L. T. Stuurman ¹*

¹ Utrecht University, The Netherlands

^* l.t.stuurman@students.uu.nl

Introduction

The long-term growth and maintenance of dunes depend strongly on aeolian transport (Rostal, 2024). Wind mobilizes grains, feeding the dunes and enabling adaptation to sea-level rise and storm impacts. Along the Dutch coasts, sediment availability is often the limiting factor, which has led to a policy of preserving the coastline through extensive nourishments (B.M. Hoonhout, 2017; Brand et al., 2022). Nourished sediment commonly differs in grain size distribution and shell content, which can strongly influence transport rates (van der Wal, 2000).

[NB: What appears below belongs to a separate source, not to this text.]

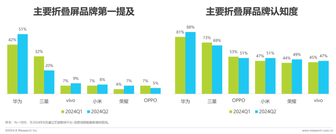 品牌心智角度华为与三星仍延续统治地位,特别华为在经过多款新机发布和一季度Mate X5热销带动的加持下,品牌第一提及与整体认知均有大幅上升,而三星心智表现则开始被其他本土厂商分流。

Despite the importance of aeolian beach-to-dune transport for long-term coastal safety, sediment transport models used in coastal planning typically rely on simplified representations of sand flux and uniform sediment properties that do not resolve small-scale processes well (Van IJzendoorn et al., 2023). Model calibration is therefore essential; however, field measurements often target large-scale processes, while laboratory experiments contain approximations of unknown variables. As a result, small-scale aeolian processes under controlled yet real field conditions remain underexplored. Bridging this gap requires novel experimental approaches that combine the benefits of controlled laboratory wind conditions, with the realism of in-situ field characteristics. 

Objective and Methods

This study aims to quantify aeolian sediment transport of nourished beach sand under controlled laboratory conditions and to evaluate the applicability of co-registered Structure-from-Motion (SfM) photogrammetry for measuring small-scale morphological change. By conducting experiments in a mobile wind flume, the research seeks to bridge the gap between field observations and controlled laboratory measurements, providing a “laboratory on the beach” approach to coastal aeolian processes.

Aeolian transport rates were determined by collecting transported sediment during each run and converting the measured mass to volumetric flux using bulk density estimates. Simultaneously, high-resolution surface models were generated using SfM from imagery acquired before and after each experiment. Photogrammetric processing produced digital elevation models, which are referenced and scaled to the flume’s internal geometry and differenced to quantify spatial patterns of erosion and deposition. Precision and reliability were assessed through repeated surface reconstructions and a comparison with reference volume differences.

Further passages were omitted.